Digitizing metal type?

Doc Friendly's picture

I have a couple cases of old metal type, usually only in one size, that I rarely use having moved to digital letterpress for its flexibility.

I was wondering if there was any problem with digitizing what type I have for personal use (that is to say I wouldn't be selling it).
My gut tells me there isn't a problem, but in these sort of cases I'm almost always wrong.



blank's picture

I really don’t see any ethical issues as long as you aren’t digitizing faces that are still copyrighted and on the market (Univers, Palatino, etc) and selling them.

piccic's picture

If you are doing the work, with a specific intent, on a metal face which is not available in digital format, and for your own use, I can't see problems…
What is "digital letterpress"? I'm very curious…

paul d hunt's picture

trust your gut

terryw's picture

most metal faces have been digitized by now. You can probably find them available for sale at various digital foundries.

piccic's picture

most metal faces have been digitized by now.

There are so little metal faces properly recast in digital form, that I would definitely not say such a thing lightheartedly… :=)

Doc Friendly's picture

@piccic The term is a bit of a misnomer, as all the typesetting (what really makes letterpress) is done in the program of choice, using whatever digital typefaces are on hand. Graphics can be added, the whole thing is exported to .eps or .pdf and made into photopolymer plates which are then mounted on a type high base and printed using old presses that would otherwise go unused.

My thinking was: since I own these typefaces, for example News Gothic in 10pts, in their original castings, which all pre-date microcircuitry, I should have some right to digitize it myself provided I don't try to rebrand or sell it. Otherwise I'm just stuck with 15lbs of News Gothic in 10pts.

blank's picture

Even if the typeface designs were subject to US copyright law most weights of News Gothic would already have been in the public domain for decades. And given the state of the News Gothic market, it seems that the trademarks are a non-issue as well.

jabez's picture

Otherwise I’m just stuck with 15lbs of News Gothic in 10pts.

What a dream. I believe I'm not the only one who imagines himself playing 'font Lego' whenever metal fonts are referred to... :)

paragraph's picture

Reverse lego in my high school work experience: first week they let us play with the ruler and display (like 36–48 pt) hand type, then ink it and proof it. That was fantastic fun. Next week, they brought us a book page each, and untied the string holding the thing together: 2000-odd small pieces of metal, to be sorted into their little compartments in the cases. Thanks gods for the computer!
But I digress, oops.

bieler's picture

Typefaces in the US can not be copyrighted, not since the 19th century. You can digitize whatever US metal typefaces you like. Haven't all the major and minor digital type foundries? Only thing you have to worry about is registration or trademark licenses that may still be valid. And most of those protect stolen property. Nice industry.


piccic's picture

Besides, you could end up with a more interesting digital version than the ones around, like what Metallophile by Mark Simonson does to (digital versions of) Spartan.

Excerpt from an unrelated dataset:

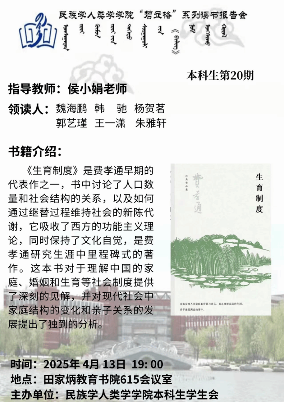 为丰富专业认知、拓宽专业视野,公司秉持笃学致知以夯基础、开卷启思以拓思路、读书明智以塑品格的理念,致力于营造积极向上、勤勉求知的学风。4月13日下午,本科生第20期“碧立格”系列读书报告会在田家炳教育书院615会议室成功举行。本期读书会由侯小娟老师指导,6位同学领读,阅读书目是《生育制度》。

I'm not saying that irregularity should be the norm, but often digital versions totally lack the warm appearance and consistency of metal ones, especially at small sizes, but this largely depends on the design itself.

Personally I am not at all satisifed by all current Gill Sans versions on the market: too little spaced, mostly without any optical size versions, disregarding its original conception.
Even the Monotype "Pro" version of which I licensed a weight is so tightly spaced you should manually space it to set small point sizes.

phrostbyte64's picture

Sounds like a dream come true. Have fun.